If your business opportunities are so obvious and so overwhelming that you don’t need to define a particular course of action to reach your ultimate destination, you’ve won the business planner’s lottery. Be like the first-in folks with Bitcoin: just get out there and scoop the loot as fast as you can. Such opportunities are relatively rare, however. You’re more likely to run into one hazardous crossroad after another in your quest for gold, and a lack of careful planning can be dangerous indeed. Note the following examples:

       Planning blunders have been partly blamed for fiascoes involving certain infamous product introductions, including the Ford Edsel in the 1950s, New Coke in the 1980s, and the Apple Newton PDA in the ’90s.

       Motorola ultimately lost more than $5 billion on Iridium, its ill-planned low Earth orbit mobile telephone satellite system.

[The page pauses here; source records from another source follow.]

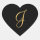 J inicial, de cor Dourada, sobre o adesivo em forma de coração com monograma preto.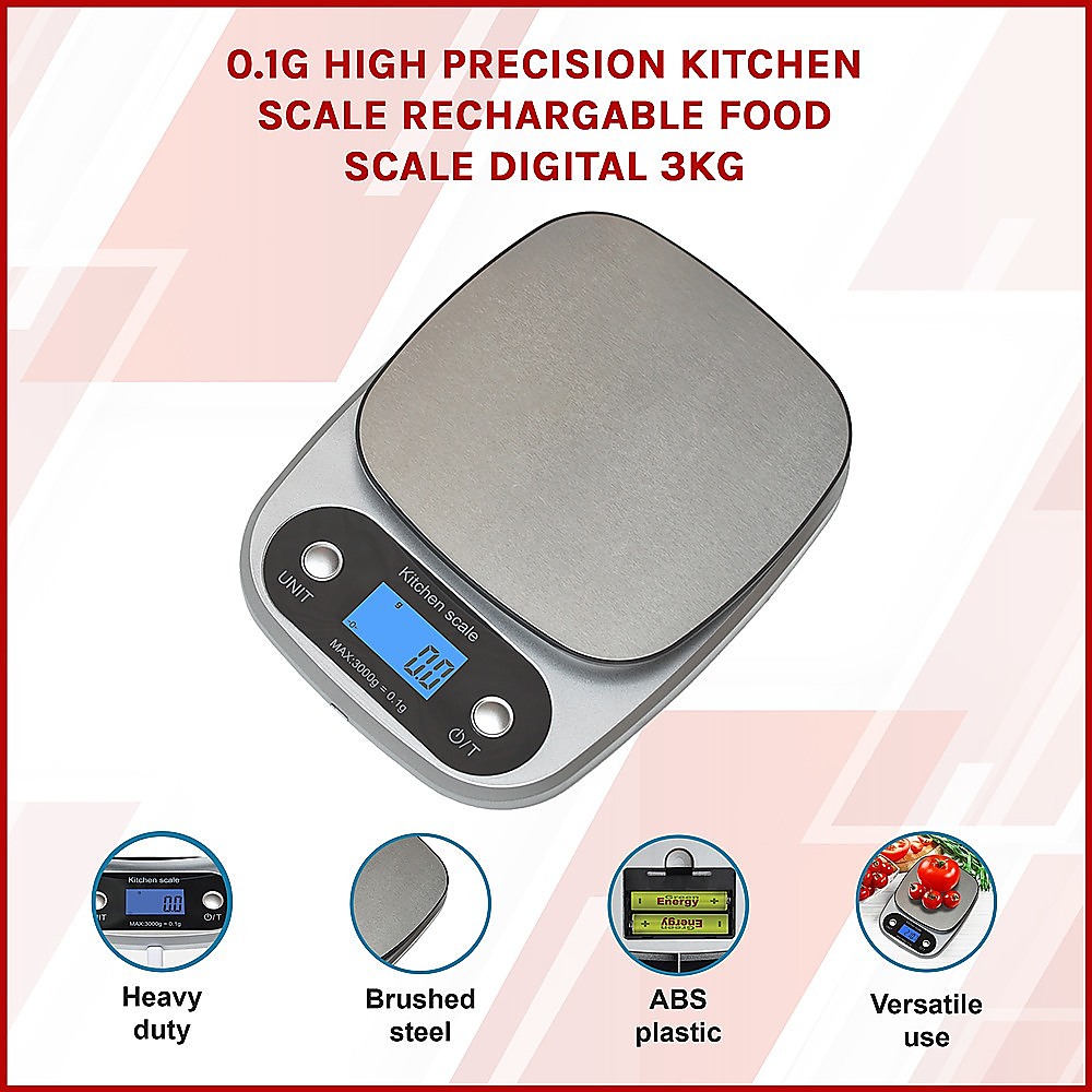 0.1g High Precision Kitchen Scale Rechargable Food Scale Digital 3KG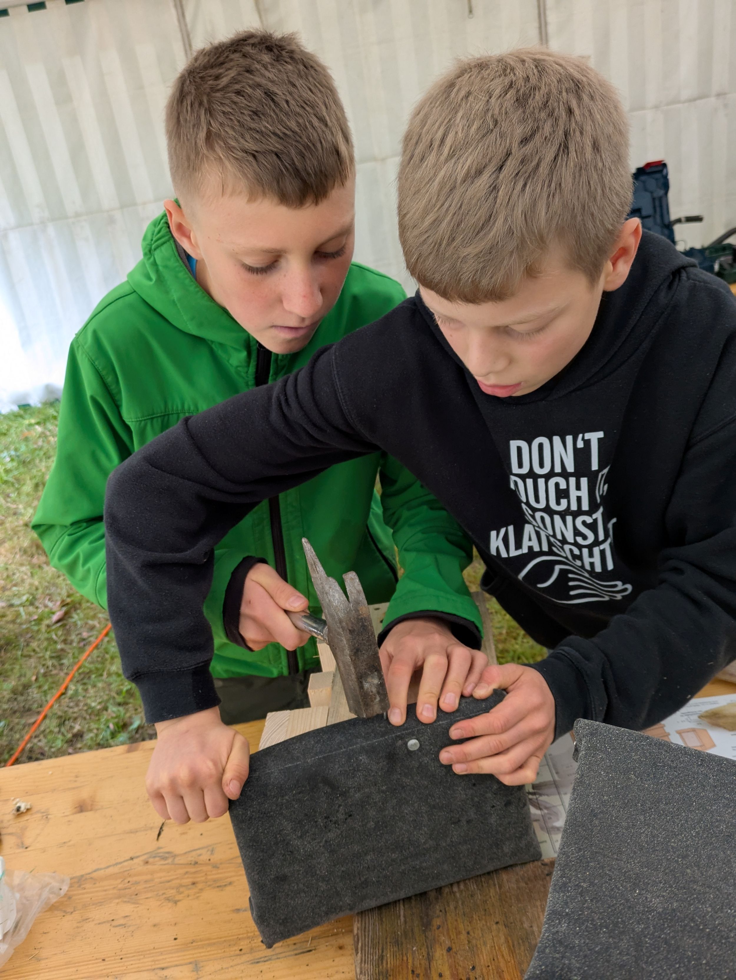 Vom 07. bis zum 09. Oktober trafen sich die Jungen Naturwächter der Naturschutzstation Neschwitz auf dem Fischereihof Kleinholscha zum alljährlichen Herbstcamp. Auf dem Plan standen unter anderem: den angrenzenden Wald durchstreifen, Buden bauen, frischen Apfelsaft pressen und verkosten, Pizza selbst herstellen und im großen Holzbackofen backen, Knüppelteig am Lagerfeuer genießen, Werwolf spielen und neue Nistkästen für das Gelände zusammenschrauben. Die geplante GPS-Tour fiel buchstäblich ins Wasser – stattdessen machten wir es uns im Schlafsaal gemütlich und schauten „Kevin allein in New York“. Das regnerische Wetter konnte uns die Laune nicht vermiesen – alle hatten super viel Spaß und freuen sich schon auf das nächste Treffen in den Winterferien!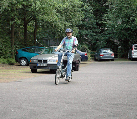 Als Freund der E-Mobil-Szene stieß ich auf das kleine Sesselrad Giant Revive EN3 mit Panasonic-Elektromotor und Lithium-Ionen-Akku und war von Technik und Design sofort begeistert, schließlich sollen die Li-Ionen-Akkus bei den Elektroautos endlich den Durchbruch zur Serienreife bringen, wie man derzeit in einschlägigen Veröffentlichungen lesen kann. Das Fahrrad der ehemaligen amerikanischen, heute chinesischen Nobelmarke kostet nach Listenpreis 1999 Euro, ist aber bei großen Fahrradhäusern für unter 900 Euro zu bekommen. Mit seinen 20-Zoll-Rädern, dem bequemen Komfortsattel mit Rückenlehne und mit einem Lenker, den man wegklappen kann, passt es wunderbar in den Laderaum unseres Vans, so dass ich es schnell mal eben mitnehmen kann. An die leicht liegende Sitzposition kann man sich bald gewöhnen, auch das Treten nach schräg vorne empfindet man nach der Gewöhnungsphase als angenehm.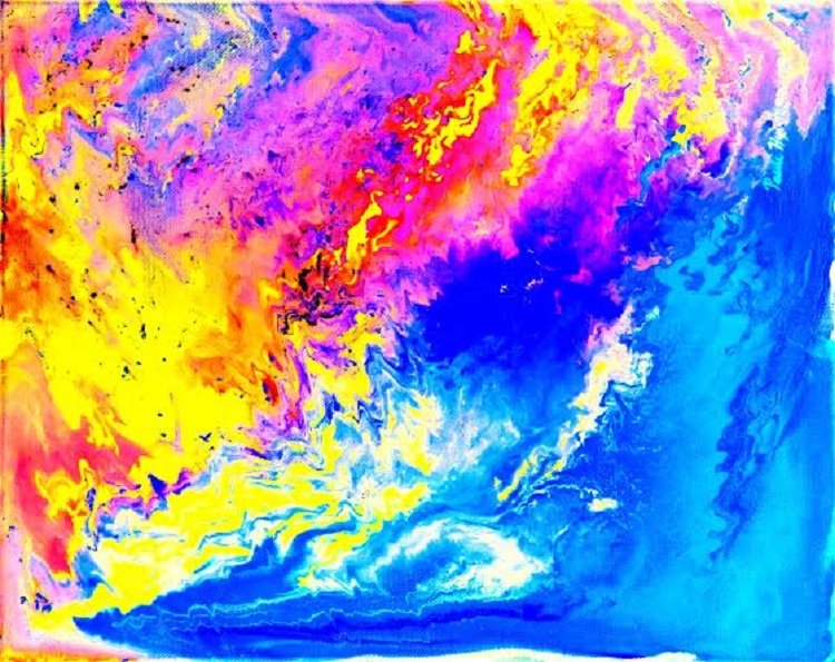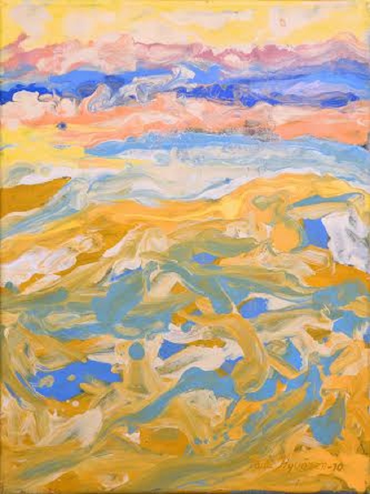 The painting of “Beautiful weather” expresses very bright and joyful colors throughout the piece of art work. I believe the title is perfect for this piece of work. The painting’s colors go really well together and I think that it creates a joyful picture. The way that the colors are blended and put together, I see the painting as a ocean wave with the sun beating down on the wave, creating the different colors of reds and pink. Overall this painting conducts a warm feeling for me and makes me want to go the beach. Without the vibrant colors I believe this piece would not be the same.
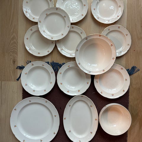 Tallerken af fajance fra Aluminia, Royal Copenhagen "Anna Sofie" stellet designet af Nils Thorsson. Fra 1940’erne.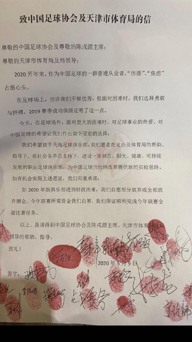 以上,恳请得到中国足球协会及陈戌源主席、天津市体育局领导的帮助、指导。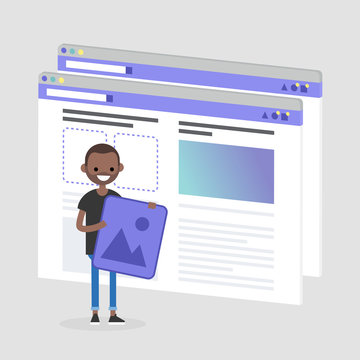 recommend clip art: Young female character making a content for the lifestyle media. Webpage layout. Front end developer. Technology. Flat editable vector illustration, clip art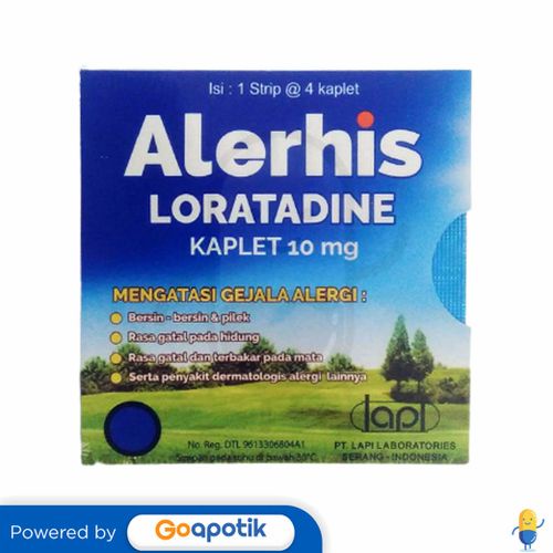 Deskripsi : PENGGUNAAN OBAT INI HARUS SESUAI PETUNJUK DOKTER. Alerhis digunakan untuk meredakan kondisi yang disebabkan karena alergi. | Komposisi : Tiap tablet mengandung Loratadine 10 mg | Dosis : ATURAN PAKAI HARUS SESUAI DENGAN PETUNJUK DOKTER. Dewasa dan diatas 12 tahun: 10 mg sekali sehari atau 5 mg dua kali sehari. Anak-anak 2-12 tahun: berat badan dibawah 30 kg 5 mg, sekali sehari, diatas 30 kg 10 mg sekali sehari. | Indikasi : Digunakan untuk meredakan kondisi yang disebabkan karena alergi. | Perhatian Khusus : Jangan berikan obat ini pada anak di bawah 2 tahun, ibu hamil dan menyusui, gangguan hati dan ginjal. | Kemasan : AMPLOP @ 1 STRIP @ 4 KAPLET | NIE : DTL9613306804A1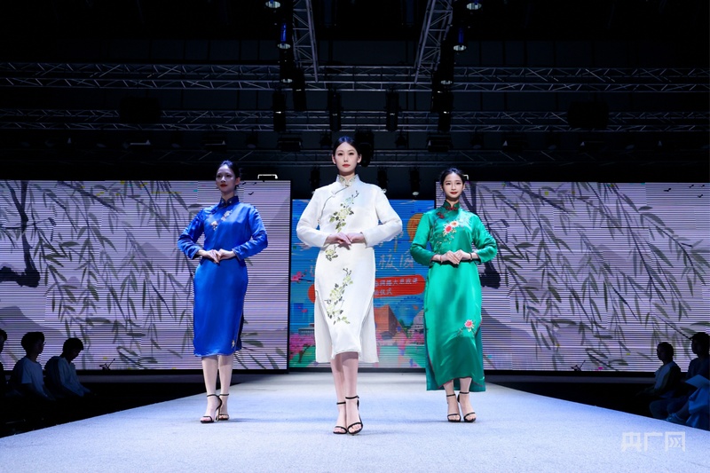 天津工业大学艺术学院表演系带来旗袍服饰秀《抽纱刺绣·华韵芬芳》(央广网记者 褚夫晴 摄)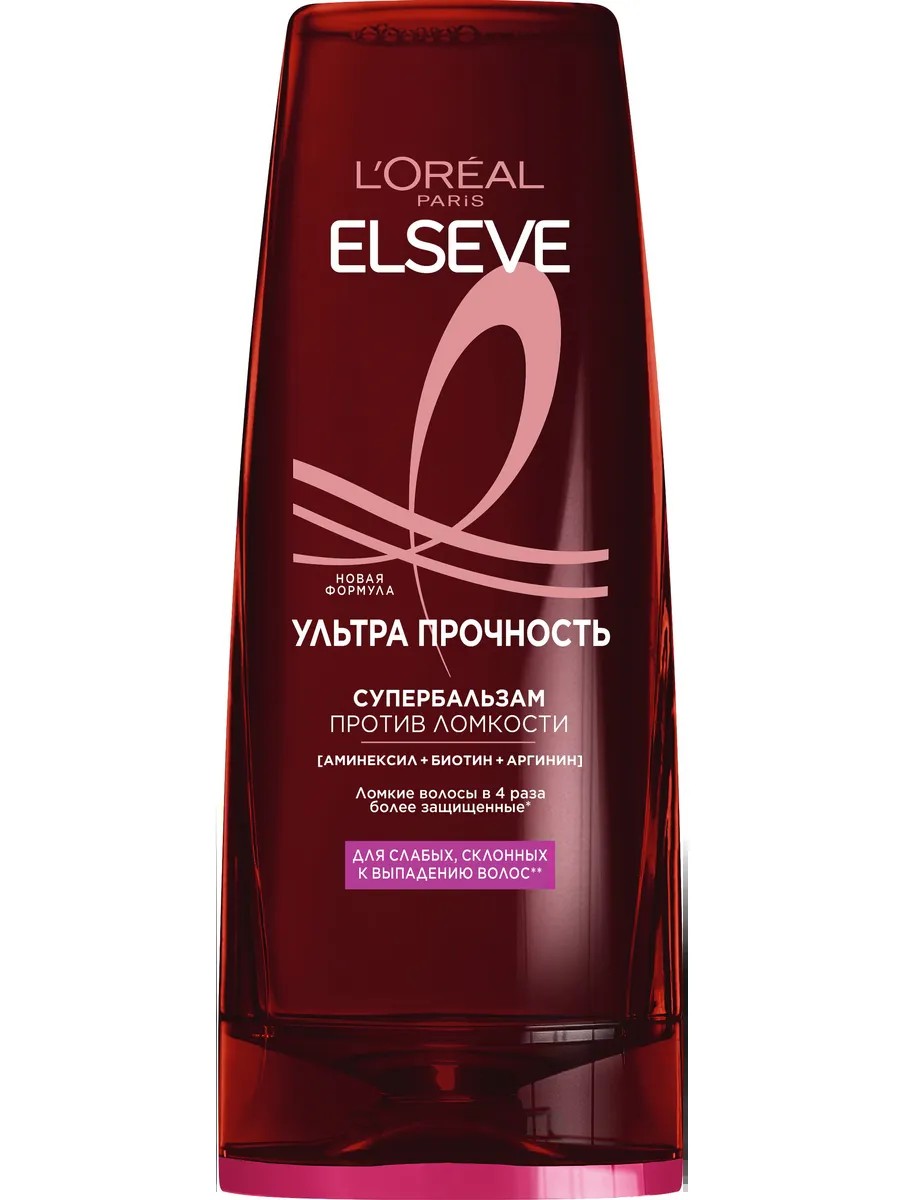 Супербальзам L'Oreal Paris Elseve Ультра прочность для слабых, склонных к выпадению волос, против ломкости, 400 мл. Ваши волосы слабые и ломкие? Стресс, смена погоды, укладка и стайлинг - всё это влияет на наши волосы. Они становятся более ломкими и слабыми. Укрепите свои волосы с Elseve! Активные ингредиенты: [АМИНЕКСИЛ + БИОТИН + АРГИНИН]. Данные ингредиенты проникают в волокно волоса, укрепляя их и делая более прочными. Способ применения: нанесите на влажные волосы, распределяя по всей длине до кончиков. Оставьте на 1 минуту, затем смойте. При попадании в глаза немедленно и тщательно промойте водой. Состав: 1261423 G4/КРАМ/ЯТКИВІ: AQUA/WATER, CETEARYL ALCOHOL, STEARAMIDOPROPYL DIMETHYLAMINE, ISOPROPYL MYRISTATE, CETYL ESTERS, PARFUM/FRAGRANCE, HELIANTHUS ANNUS SEED OIL/SUNFLOWER SEED OIL, DIAMINO PYRIMIDINE OXIDE, LACTIC ACID, SODIUM CHLORIDE, ARGININE, LIMONENE, BENZOIC ACID, BIOTIN, CAPRYLYL GLYCOL, TARTARIC ACID (F. I. L. Z70042395/1)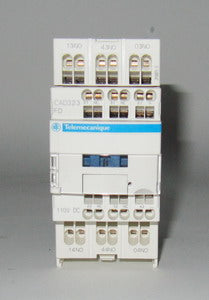 Das Hilfsschütz CAD323FD von Schneider Electric hat eine Steuerkreisspannung von 110 V DC.
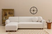 Com a sua cor branca sólida e pernas de madeira de nogueira, o nosso sofá de canto exala sofisticação e elegância. As almofadas fixas de assento e de costas, juntamente com as duas almofadas incluídas, dão um toque de luxo ao seu espaço de vida.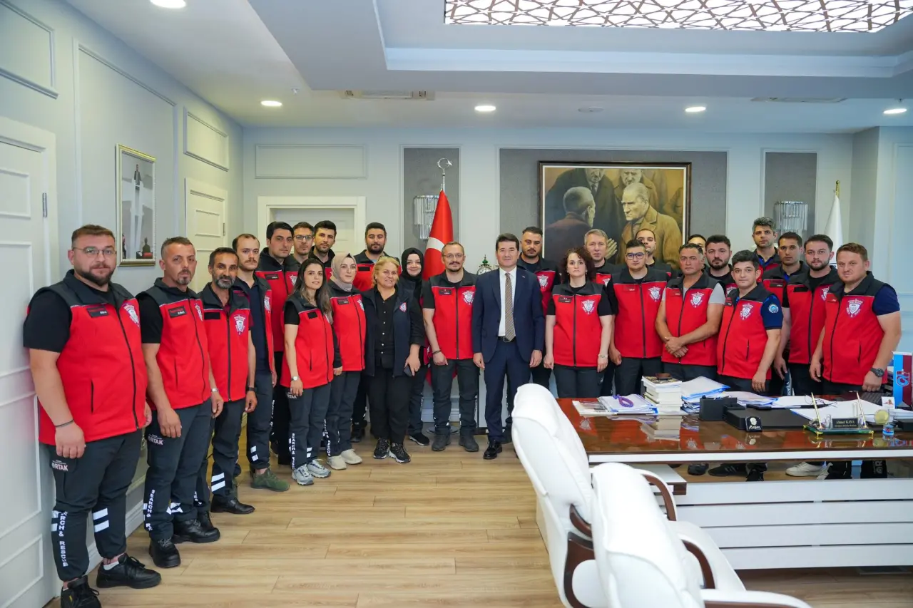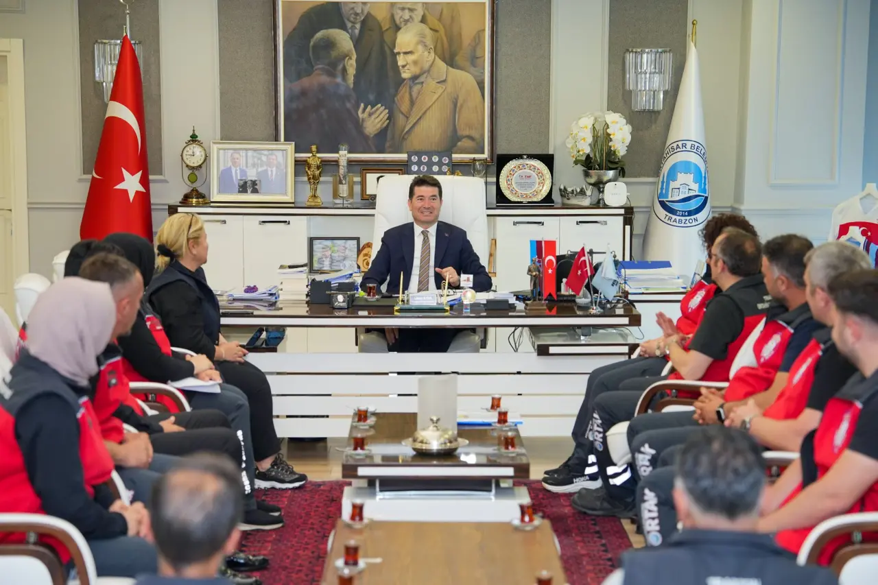 Trabzon Ortahisar Belediyesi bünyesinde kurulan Arama ve Kurtarma Ekibi (ORTAK), Başkan Ahmet Kaya’yı ziyaret etti.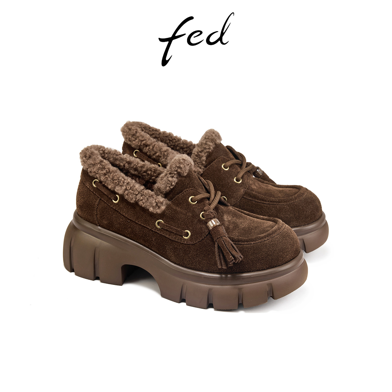 fed加绒乐福鞋冬季新款女鞋复古毛毛鞋一脚蹬单鞋女款S1022-ZC506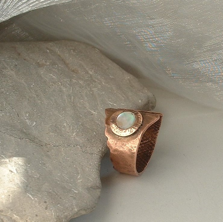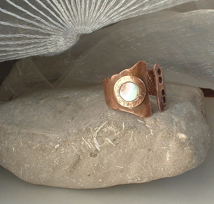 I love these rings because each one I make turns out differently making every one unique. Crafted from repurposed copper plate which has been cut to shape, filed and hammered to add texture and crenulations then annealed and shaped. A textured copper washer soldered in place holds a circle of mother of pearl which has a very pale blue/pink hue when the light catches it. Four holes are punched through to add another design element.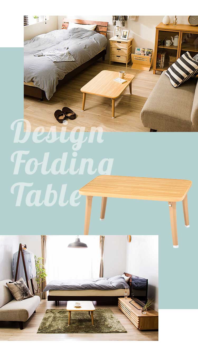 ・ナチュラルな木目調が美しい折りたたみテーブル。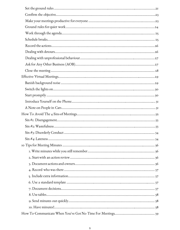 - How to Have Better Meetings is a 47-page ebook covering the types of meetings you'll have at work, plus advice on how to prepare for them, chair them, facilitate difficult moments, and follow up afterward.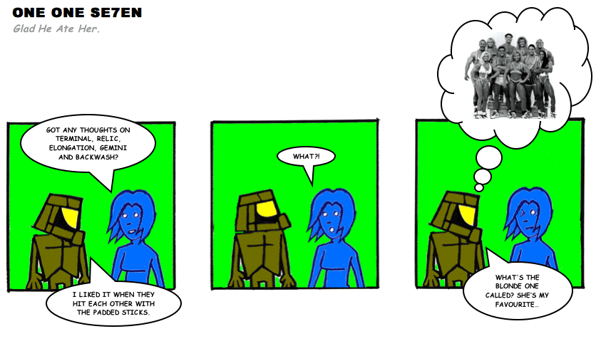 On April 30, 2003, Stuntmutt began turning in episodes of a new comic known as One One Se7en. We'll present them here, in the order in which they were submitted, as they come in. New submissions were added Monday, Wednesday, and Friday. On March 3, 2008, One One Se7en was retired from regular releases - Stunt's life got a tad too busy for 3 strips per week. (He still comes by with new content when the situation arises, however.)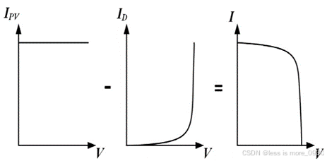 由上式可知,该模型需要三个参数,即光电流(IPV)、饱和电流(I0)和理想因数(a)来充分表征I-V特性曲线。还可以注意到,I是IPV和ID的叠加,如图3所示。IPV决定了曲线的垂直平移,而ID定义了曲线的指数形状。

By 2000 the venture was bankrupt.

       In 2004 Google launched Orkut and in 2011 it introduced Google +. These online services were designed to give this innovative firm entry into the highly lucrative social media platform market. But by 2014 Orkut was gone, and in 2019 Google + was pulled, unable to compete against established incumbents like Facebook, Instagram, and Twitter.

      

Even the biggest can fail when they don’t do the heavy lifting required in business planning. Moreover, just because a company is successful in one sandbox doesn’t give it a free pass to play in another. Clearly defined goals and objectives can keep you from deviating down those deceptive rabbit holes, no matter how intriguing they may appear at first glance. Watch where you stray as you might stumble instead. Ouch!

      

Setting business goals and objectives provides an important insurance policy for your business: the opportunity to plan a successful course of action and then keep track of your progress. One way to focus your thinking when it comes to goal definition is to use the “SMART” approach. That is, your goals should be Specific, Measurable, Attainable, Relevant, and Time-bound. This is a nifty little guideline to keep you from running off the track with goal statements that are too broad or so over the top that no one believes in them. Good goal-setting is not simply box-checking by the business planner. It’s providing direction for your future.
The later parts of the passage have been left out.